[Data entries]
········

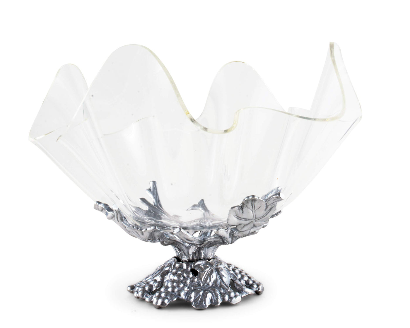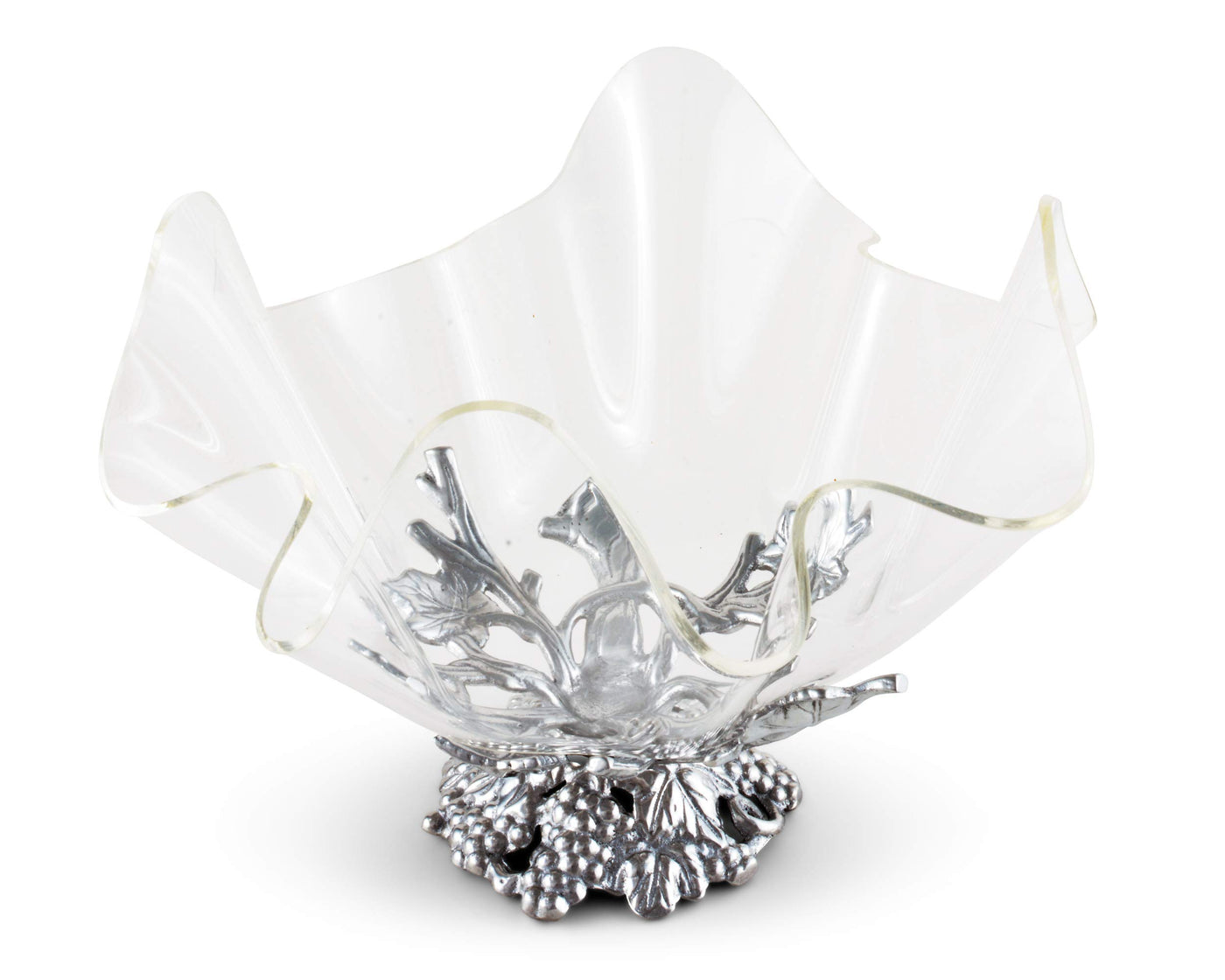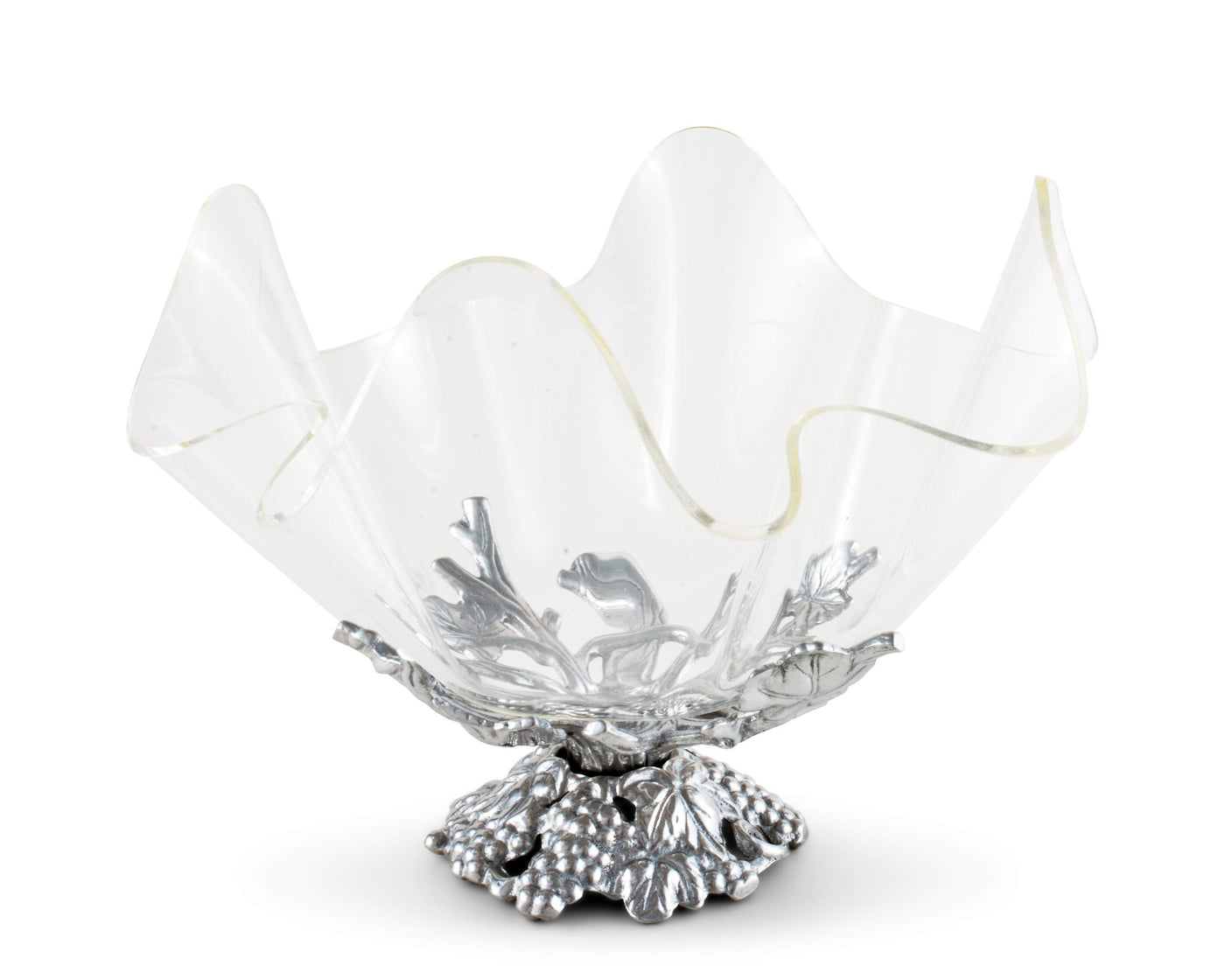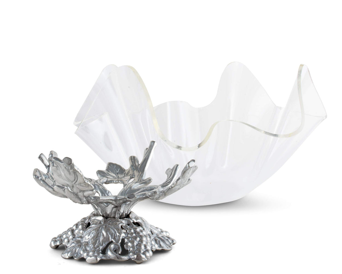 Arthur Court Acrylic Bowl Grapevine Stand Pattern Sand Casted In Aluminum With Artisan Quality Hand Polished Tarnish Free Stand
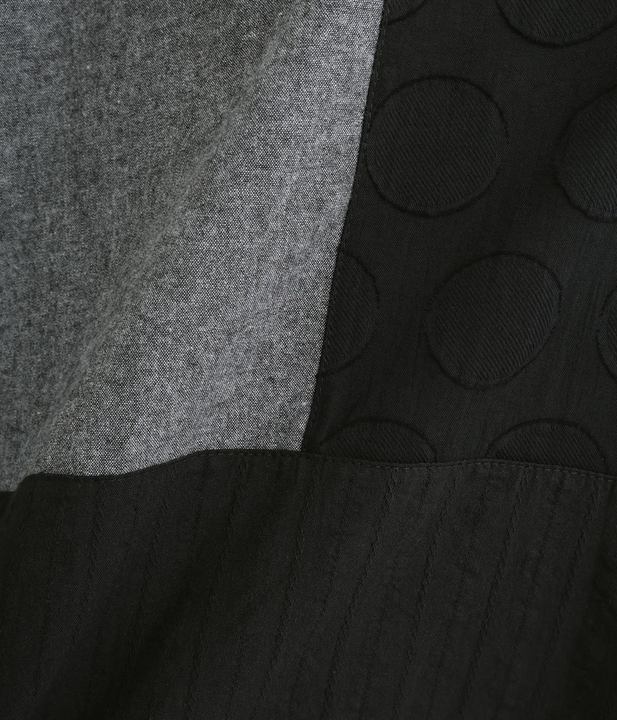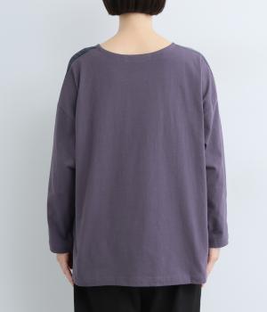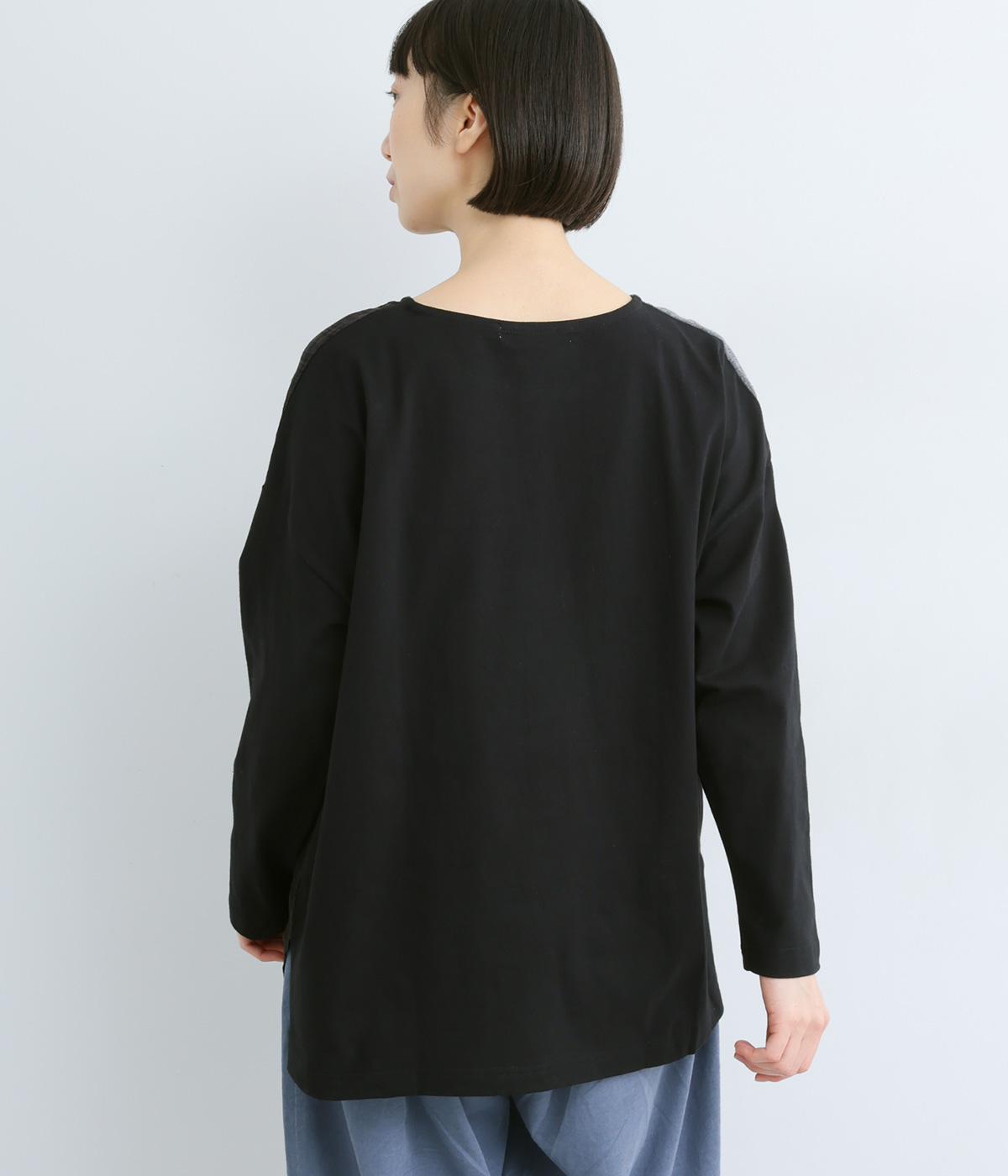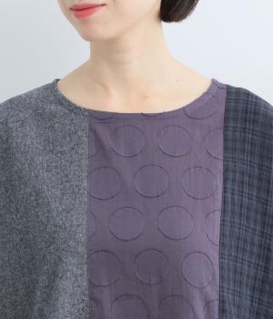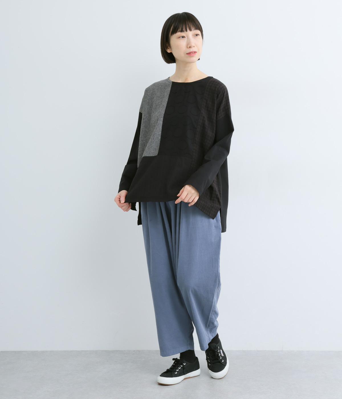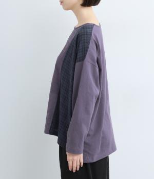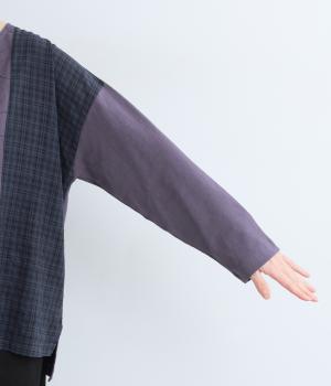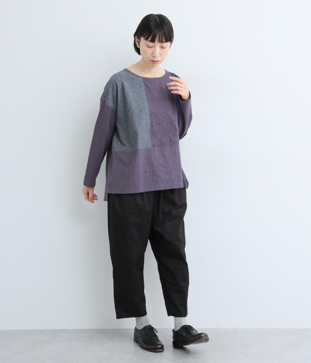 前身頃の様々な柄の布帛生地を切り替えたパッチワーク風、袖や後身頃はやわらかなカットソー素材で、デザイン性と着心地を両立。ナチュラルな風合いのコットンで、着るほど体になじみます。
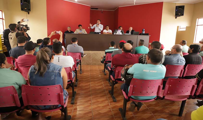 Porto Velho, Rondônia - O prefeito Hildon Chaves esteve, na manhã desta quinta-feira (5), na assembleia dos trabalhadores do transporte coletivo, na sede do Sindicato dos Trabalhadores do Transporte Urbano (Sitetuperon), onde apresentou proposta para o repasse de recursos que seriam destinados para a empresa de ônibus.
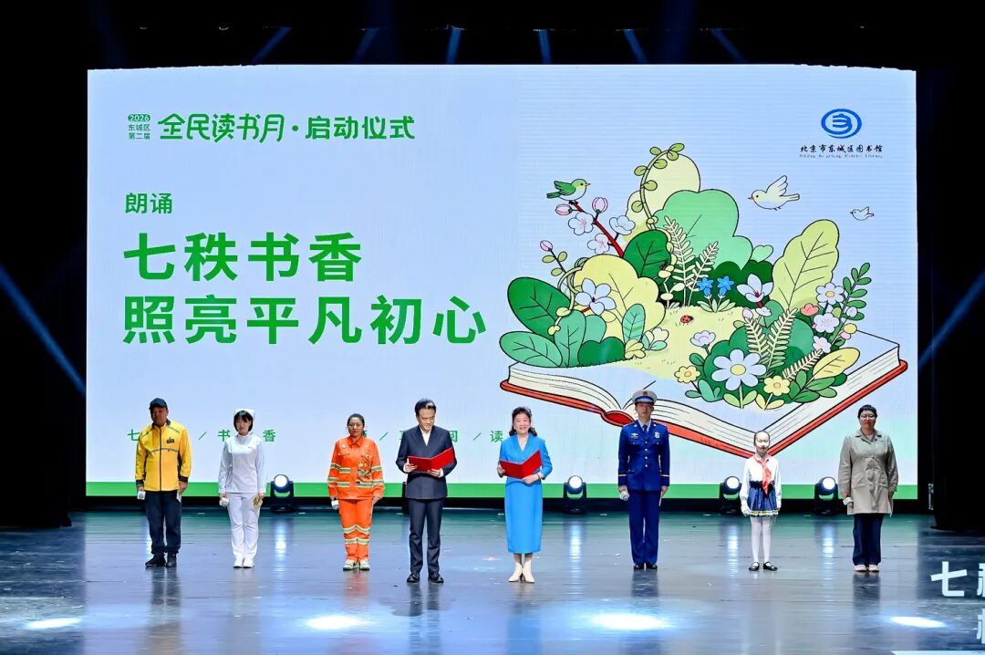 伴随着府学胡同小学学生用清澈嘹亮的歌声演唱《生长吧》,启动仪式拉开序幕。随后,一级演员杜宁林、张秋歌携手消防员、外卖小哥、医护人员等各界代表,以饱含深情的语调朗诵《七秩书香,照亮平凡初心》。不同职业、不同年龄的朗读者以书为媒、以声传情,用真挚的表达,诠释着阅读赋予普通人的精神力量,传递着全民阅读的温度与力量。
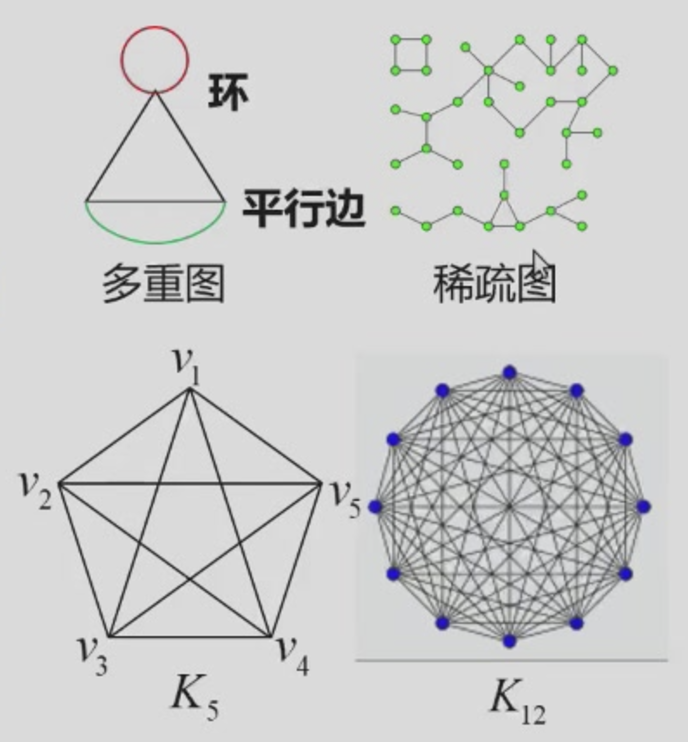 - 边数接近上界的称为稠密图(Dense Graph),边数远离上界的称为稀疏图(Sparse Graph)
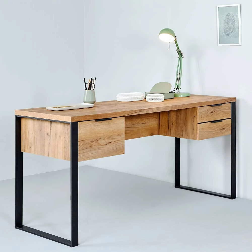 - Hervorragender Schreibtisch in Kerneichefarben und Schwarz
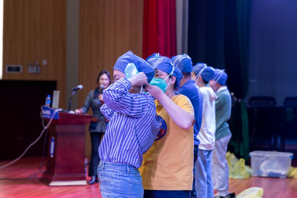 周志鹏医师从当前疫情形势、个人防护要求、出现疫情校园应急处置等方面进行了详细讲解。曾菊香医师与现场6名师生一道,完整演示并指导二级防护服规范的穿脱程序。
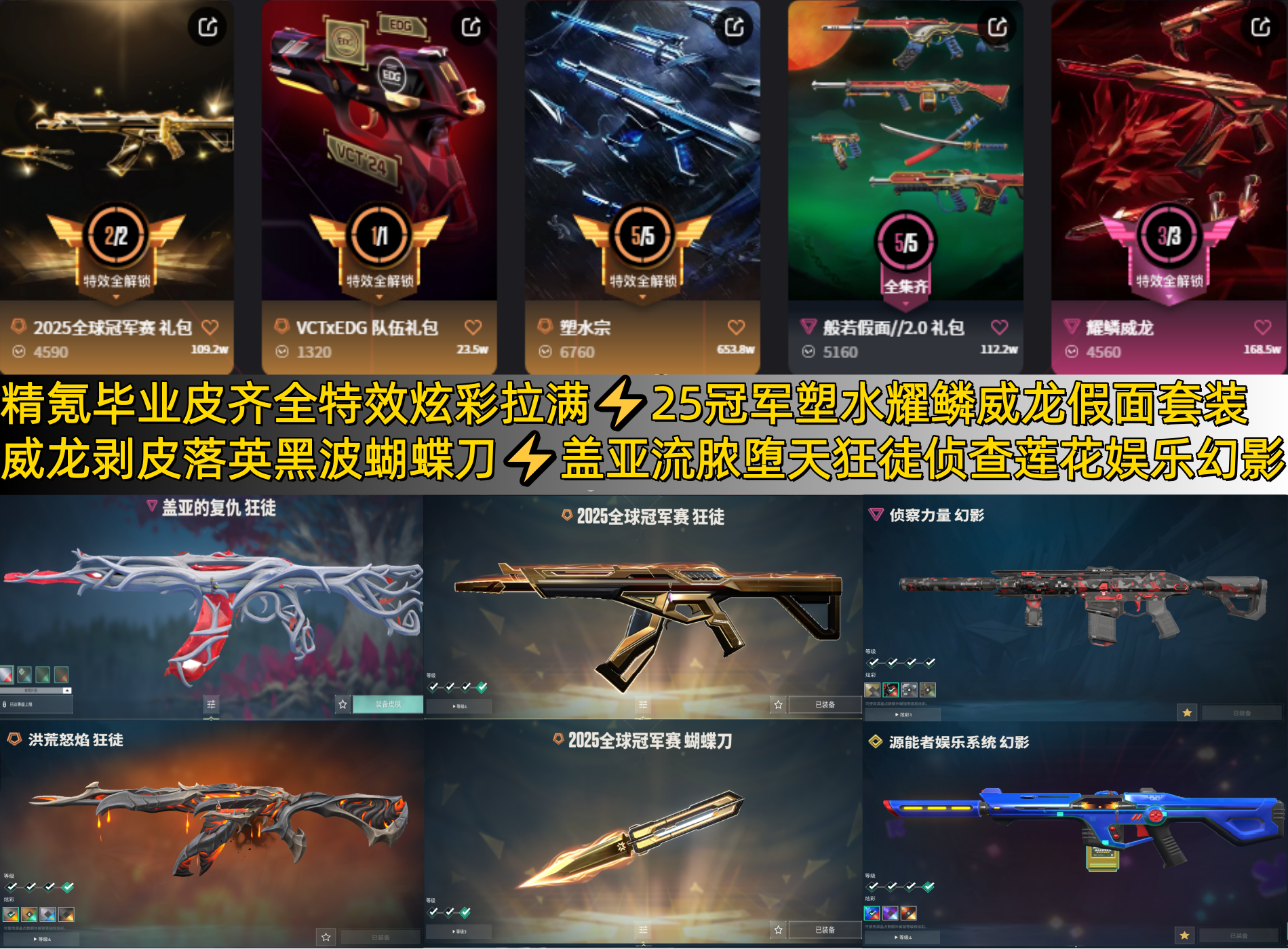 【当前段位:黄金I】精氪毕业皮齐全特效炫彩拉满⚡威龙刃剥皮落英黑波蝴蝶刀⚡25冠军盖亚流脓塑水堕天狂徒⚡娱乐莲花侦查幻影

········

Verbatim copy without images: write the records above out in full.

[Expected answer]
 Arthur Court Acrylic Bowl Grapevine Stand Pattern Sand Casted In Aluminum With Artisan Quality Hand Polished Tarnish Free Stand
 前身頃の様々な柄の布帛生地を切り替えたパッチワーク風、袖や後身頃はやわらかなカットソー素材で、デザイン性と着心地を両立。ナチュラルな風合いのコットンで、着るほど体になじみます。
 Porto Velho, Rondônia - O prefeito Hildon Chaves esteve, na manhã desta quinta-feira (5), na assembleia dos trabalhadores do transporte coletivo, na sede do Sindicato dos Trabalhadores do Transporte Urbano (Sitetuperon), onde apresentou proposta para o repasse de recursos que seriam destinados para a empresa de ônibus.
 伴随着府学胡同小学学生用清澈嘹亮的歌声演唱《生长吧》,启动仪式拉开序幕。随后,一级演员杜宁林、张秋歌携手消防员、外卖小哥、医护人员等各界代表,以饱含深情的语调朗诵《七秩书香,照亮平凡初心》。不同职业、不同年龄的朗读者以书为媒、以声传情,用真挚的表达,诠释着阅读赋予普通人的精神力量,传递着全民阅读的温度与力量。
 - 边数接近上界的称为稠密图(Dense Graph),边数远离上界的称为稀疏图(Sparse Graph)
 - Hervorragender Schreibtisch in Kerneichefarben und Schwarz
 周志鹏医师从当前疫情形势、个人防护要求、出现疫情校园应急处置等方面进行了详细讲解。曾菊香医师与现场6名师生一道,完整演示并指导二级防护服规范的穿脱程序。
 【当前段位:黄金I】精氪毕业皮齐全特效炫彩拉满⚡威龙刃剥皮落英黑波蝴蝶刀⚡25冠军盖亚流脓塑水堕天狂徒⚡娱乐莲花侦查幻影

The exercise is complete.